Greater Cincinnati religious leaders adopt 'Housing Principles' to help region's poor

Goal is to encourage more affordable housing

CINCINNATI – A group of Greater Cincinnati’s religious leaders on Wednesday took a vote that they hope will make life better for the region’s poor.

The Metropolitan Area Religious Coalition of Cincinnati adopted a list of nine “Housing Principles,” designed to encourage the development of more affordable housing.

“Sacred scriptures tell us to make sure no one wants for food, clothing and shelter,” states the Preamble to the Housing Principles. “Our interfaith coalition historically and at present sees homelessness and affordable housing as a major social issue that demands more work be done.”

MARCC voted on the principles because multi-million dollar projects developed in recent years have displaced affordable housing at a time when the community desperately needs it, said Executive Director Margaret Fox.

“There’s been a significant loss of affordable housing units in downtown, Over-the-Rhine and across the city,” Fox said. “We realize development has to happen, but these affordable housing units are not being replaced.”

A two-bedroom apartment or house in the Greater Cincinnati region is defined as affordable if the rent is $735 per month, according to the U.S. Department of Housing and Urban Development.

To afford that amount, however, a renter would have to earn roughly $14.50 per hour, Fox said.

“If you’re unemployed, you’re not making that kind of money,” she said. “If you’re homeless, you’re not making that kind of money.

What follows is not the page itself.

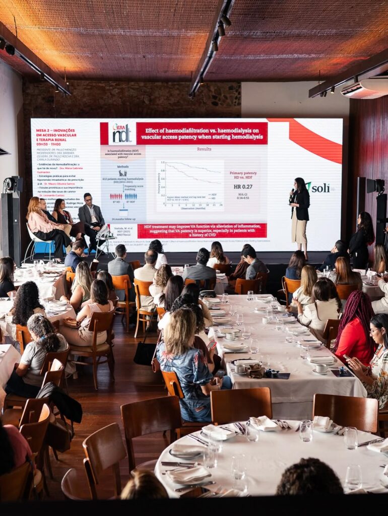 Abrindo a programação, a nefrologista Dra. Maria Gabriela Guimarães, membro da Comissão Científica do evento, trouxe uma análise de evidências recentes sobre a hemodiafiltração (HDF), terapia de substituição renal que combina as técnicas de hemodiálise e hemofiltração para remover toxinas, resíduos metabólicos e excesso de fluidos do sangue de pacientes com insuficiência renal.

If you’re mentally challenged, you’re not making that kind of money.”

MARCC’s Housing Principles call on local government officials, nonprofit developers and business leaders to:

• Promote the Fair Housing Act, by prohibiting discrimination.

• Apply The Americans with Disabilities Act.

• Serve Economic Justice, by dedicating a portion of all government grants to affordable housing development.

• Reduce Foreclosures.

• Maintain Affordable Rental Units.

• Set Reasonable Rental Subsidies to Attract Responsible Investors.

• Acknowledge the Real Unemployment Rate, by including people who are unemployed for a year or more.

• Support Housing for Young Adults, by increasing the number of affordable rental units for young adults aging out of foster care and risk becoming homeless at 18.

• Advocate for Restorative Justice, by finding ways to lessen stigma and barriers for people with criminal histories who need affordable housing.

Among those who spoke in support of the principles were The Most Reverend Joseph Binzer, auxiliary bishop of the Archdiocese of Cincinnati, along with representatives of the Cincinnati Islamic Community Center and the Unitarian Universalist Council of Greater Cincinnati.

The next step for MARCC will be communicating the principles with parishioners, city officials, business leaders and nonprofit developers, Fox said.

Part of the goal is to raise awareness of the need, Binzer said, since the issue of poverty can be “out of sight” and “out of mind.”

“Where it really begins to hit home is when you know someone who is struggling with unemployment or foreclosure or has had to move in with another family member,” he said. “It’s a concern not only for Catholics, but for other people of faith, too.”